How to read captchas

I've always wondering how can the bots on the internet crack captchas. How can a algorithm read an image.
Then I heard about OCRs (Optical Character Recognition) which are developped in order to do such tasks.

The captcha below will be our example:

Captcha test

Homemade algorithm

First I tried to follow the article decoding captcha's and to develop a homemade algorithm.

After creating a kind of database of the letters, the result was clearly bad. I mean I had 0 cracked captcha...
The main fact is that I assumed the text was horizontal but it's not always the case.
Moreover, the space between the letters is really thin sometimes.
So when the algorithm was trying to split the letters, some of them were gathered by 4.

PyTesser, I choose you!

Then I looked for an OCR and I found Tesseract, an engine from Google. It is described as the best free OCR at this time.
I want quick results so I use PyTesser, a kind of Python binding of Tesseract.
Now it's time to try.

import os
import sys
import re
from PIL import Image
from libtesserwrap import Tesserwrap


if __name__ == "__main__":
    for arg in sys.argv[1:]:
        if not os.path.isfile(arg):
            print arg, 'cant be found.'
            sys.exit(1)
        else:
            im = Image.open(arg)
            im = im.convert("P")
            ocr = Tesserwrap()
            captcha_str = ocr.tesseract_rect(
                im.tostring(),
                1,
                im.size[0],
                0,
                0,
                im.size[0],
                im.size[1]
            )
            captcha_str = captcha_str.strip('\n')
            # In our case, the captcha only contains 12 alphanum characters
            if re.match('^[a-zA-Z0-9]{12}$', captcha_str):
                print 'String found:', captcha_str
            else:
                print 'Cant read the captcha'

If we try it on our captcha, the result is:

$ python2.7 main.py captcha_test.gif
String found: 6bcdDLXUvZqW

Of course I choose a captcha where Tesseract finds the good result.
In order not to fool you, I runned the script on 1000 captchas and see how many of them it can read.
We have in our case an accuracy of 3% (30 over 1000), which is something at least...

Improve the accurary

Well, 3% is something but it's not really accurate.
I want to know if I can improve the result by pre-processing the captcha.
I first converted the captcha into a black and white image and then I deleted the isolated pixels.

Black and white

According to the article decoding captcha's, I check the colors of the captcha to get the most used.
Since the captcha is generated with several colors, it was easier to get the background one. In our case it's 225.

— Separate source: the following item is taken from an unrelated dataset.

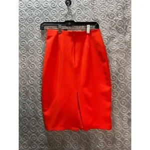 Bright Orange Pencil Skirt with Side Slit Business Casual Office Wear Size S
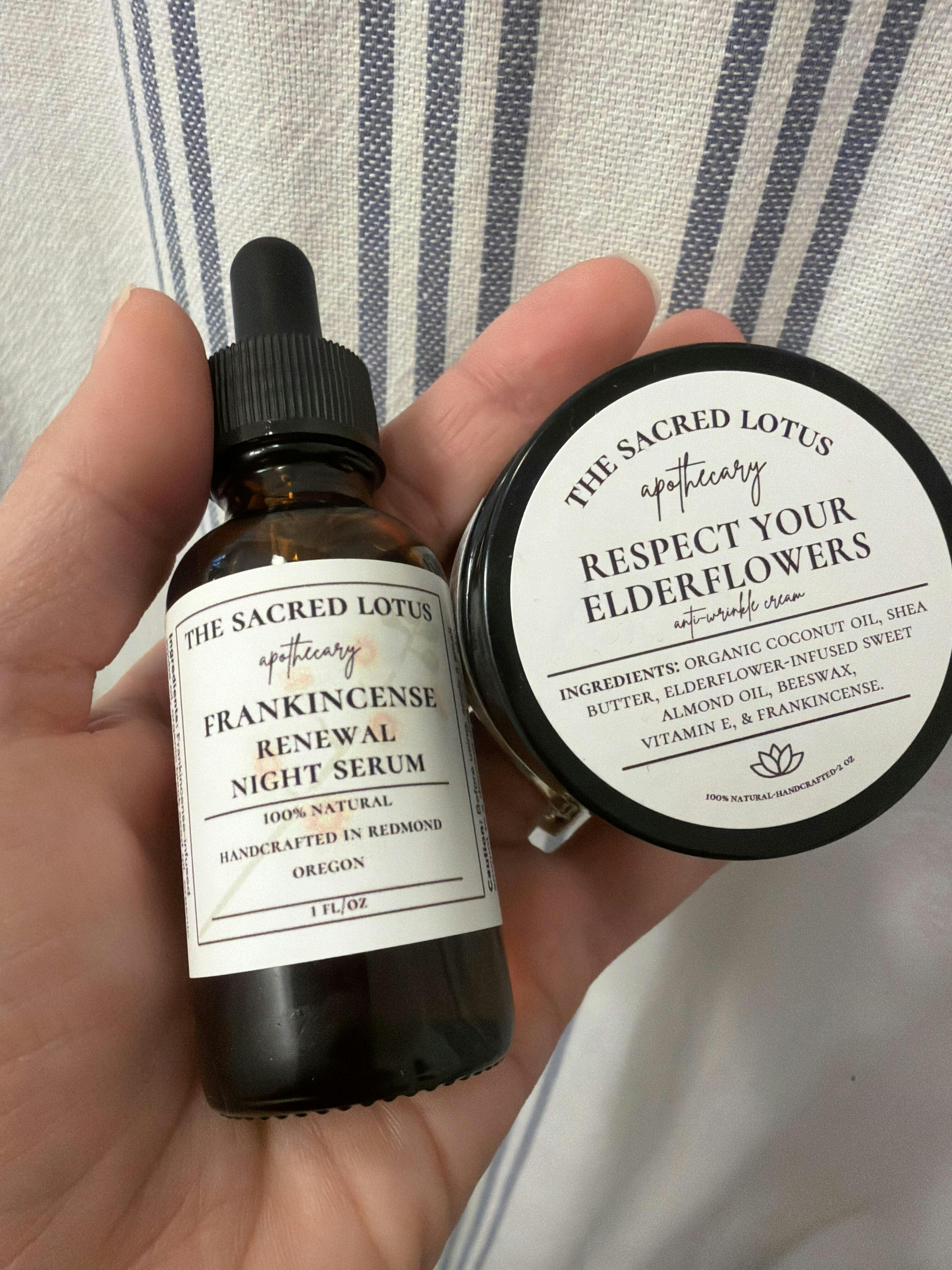 Unveil luminous, youthful skin with our Frankincense Renewal Night Serum — a deeply restorative botanical blend designed to soften fine lines, improve tone and texture, and nourish your skin while you sleep. Crafted with a slow, heat-infused frankincense oil base, this serum carries the sacred essence of frankincense resin, long revered for its skin-supportive and energetically grounding qualities.

def convert_black_and_white(im):
    """Convert the captcha in black and white."""

    im2 = Image.new("P", im.size, 255)
    for x in xrange(im.size[1]):
        for y in xrange(im.size[0]):
            pix = im.getpixel((y, x))
            if pix == 225:
                im2.putpixel((y, x), 255)
            else:
                im2.putpixel((y, x), 0)
    return im2

Captcha test Black and white captcha

Delete isolated pixels

The algorithm here is really simple. We check each white pixel and if its neighbours are black, we delete it.

def delete_noise(im):
    """Delete isolated pixels on an image."""

    for y in xrange(1, im.size[0] - 1):
        for x in xrange(1, im.size[1] - 1):
            pix = im.getpixel((y, x))
            if pix != 255:
                border = [
                    im.getpixel((y + 1, x - 1)),
                    im.getpixel((y + 1, x)),
                    im.getpixel((y + 1, x + 1)),
                    im.getpixel((y, x - 1)),
                    im.getpixel((y, x + 1)),
                    im.getpixel((y - 1, x - 1)),
                    im.getpixel((y - 1, x)),
                    im.getpixel((y - 1, x + 1))
                ]
                if not 0 in border:
                    im.putpixel((y, x), 255)
    return im

Black and white captcha Captcha without noise

Conclusion

And... It's not so bad!
If we run only the second version with the pre-processing stuff, we still have 3% of accurary, so it doesn't change anything.
But, if we gather both versions, we reach an accuracy of 5.4% because they dont read the same captchas!
In fact, our pre-processing sometimes helps Tesseract and it cracks new captchas. On the other hand, some captchas are not readable anymore.

It's something!